Thanks for checking it out.

The ghosts move from a simple adaptation of the classic FCG.

It def sparked my interest building. I think I'll get a motor with a little more torque for next year.

Video with better shots and commentary.


----------



## Spooky Dave (May 12, 2011)

Pretty studly first haunt!


----------



## halloween71 (Aug 9, 2007)

Great job!!


----------



## jdubbya (Nov 6, 2005)

Really great! I also love those ghosts. The night shots are great!


----------



## RoxyBlue (Oct 6, 2008)

Thanks for posting the ghost video, Nemesis. I love seeing how haunters take a basic design like this and turn it into something different and equally cool.


----------



## CreeepyCathy (Mar 28, 2009)

great job on everything. Love the ghosts!


----------



## beelce (Jul 21, 2007)

Nice stuff Nemesis...................
Really liking the little ghost,,,great effect...good thing you didn't have wind that night.


----------



## Vlad (Aug 2, 2005)

Nice work, I liked the fencing and the ghosts as well.


----------



## robert padilla (Nov 9, 2011)

like everyone else i really liked the ghost movement! once the sun went down the lighting really looked great. great job on your haunt! you make us fellow haunters proud.....finally another has seen the light. spread the word we need more houses set up for halloween.....


----------



## Mortissanguine (Mar 30, 2008)

Nice. Love the ghosties. Look forward to seeing your work next year!


----------



## niblique71 (Dec 2, 2009)

I like the ghosts too, and your lighting effects were nice as well. Overall great job


----------



## Drago (Sep 5, 2011)

Indeed! That adaptation for the ghosts looks great!


----------



## The Red Skull (Dec 23, 2010)

VERY nicely done... Great start, leaps ahead of other first year haunts, so I'm looking forward to seeing what you do next year!


----------



## Pumpkin5 (Aug 8, 2010)

:jol: Very impressive NemGen! Okay, I will go ahead and say it...I love the ghosts too....but I thought your lighting was very well done and your fog chiller was working great! Love the spiders....last year was my first year forte into spiders and I love them! I thought you did a great job on spreading the creep around your yard and I bet the TOT's loved your house! Can't wait to see what you've got up your sleeve for this year!


----------



## goneferal (Sep 8, 2010)

Great job. I live the ghosts, I bet the TOT's did too.


----------



## MrGrimm (May 19, 2009)

Very nice haunt!! And it's your first year?!

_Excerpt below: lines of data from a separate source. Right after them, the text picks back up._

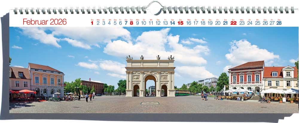 Der mittelgroße Wandkalender passt auf jede Wand. Er bietet viel Platz für die Panoramafotos und ein praktisches Kalendarium für Termineinträge. Optional: aufklapbare Jahresübersicht.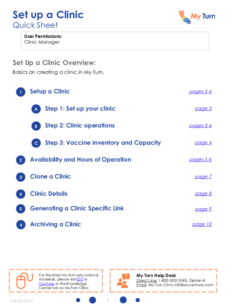 Set up a Clinic Quick Sheets Permissions: Clinic Manager Set Up a Clinic Overview: Basics on creating a clinic in My Turn.1Setup a Clinic pages 34AStep 1: Set up your clinic page 3BStep 2: Clinic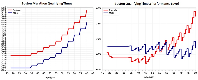 The Boston Marathon qualifying process essentially uses a version of age standard times to determine who can apply for a race (that is, outside of a separate pathway that generates valuable support for many charities). The extra wrinkle is that the number of qualified applications always exceeds the race capacity and only the fastest qualifying applicants get in. When Boston Marathon announced a tentative plan to have a 2021 race in October but with a greatly reduced number of runners, there were a lot of folks who have qualifying times but were sad to figure out they could not get in with the smaller field size (Happy Aging Runner is one of these).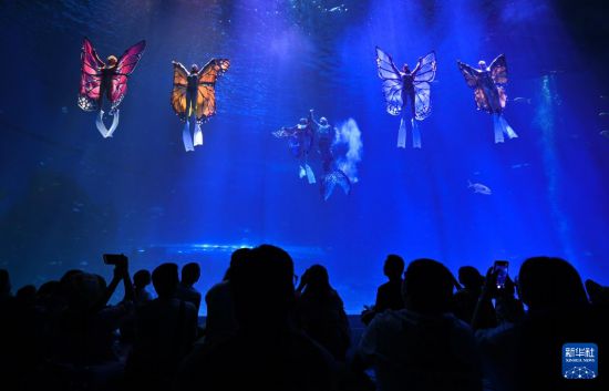 10月18日,游客在海南海洋欢乐世界度假区观看水下表演。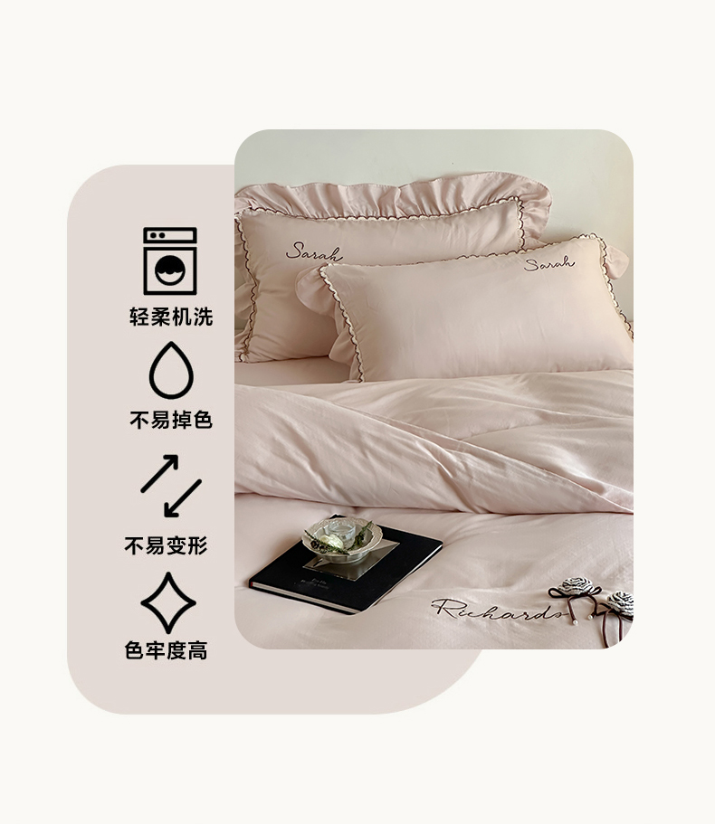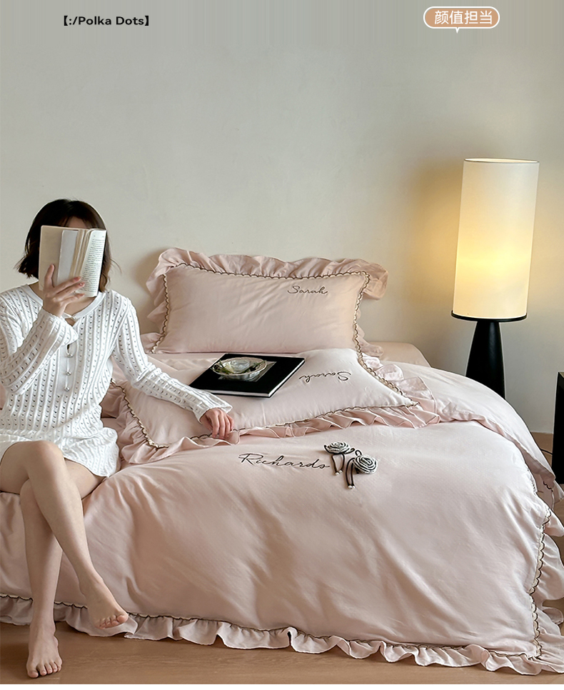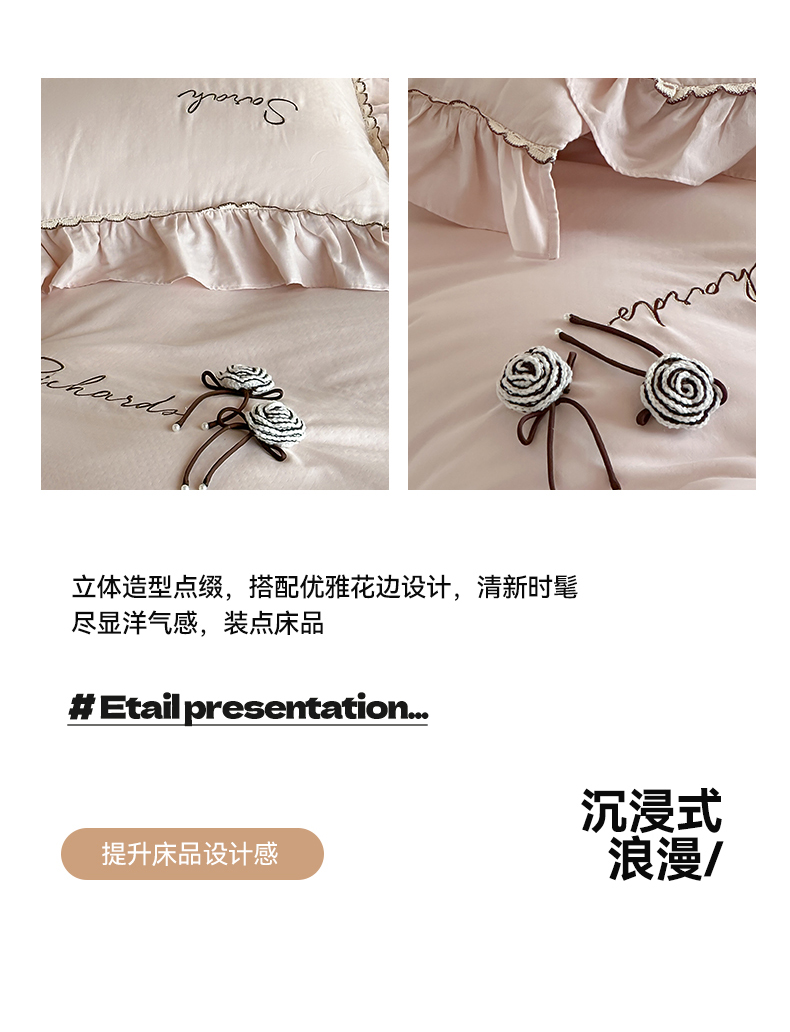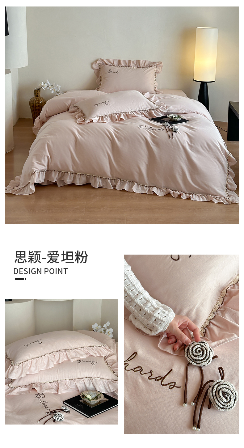 商品名称:名品优仓 2025新款纯棉水洗棉双层纱提花手工花韩版花边四件套 思颖-爱坦粉

I especially loved the thing standing in front of the garage with the strobes... spooky stuff!


----------



## Headless (Sep 4, 2011)

Great job with the ghosts - and your yard looks great!


----------



## graveyardmaster (May 14, 2012)

wow fantastic job nemisis,your yard looks amazing,love the ghosts and your lighting was very well done,thanks for posting the ghost video!!


----------



## Spooky1 (Aug 25, 2008)

Nice job. I like the ghosts (thanks for the separate video) and the animated guy with the knife.


----------



## hauntusa (Jul 28, 2012)

*animated*

I like those animated items, anyone know where to get a motor from?


----------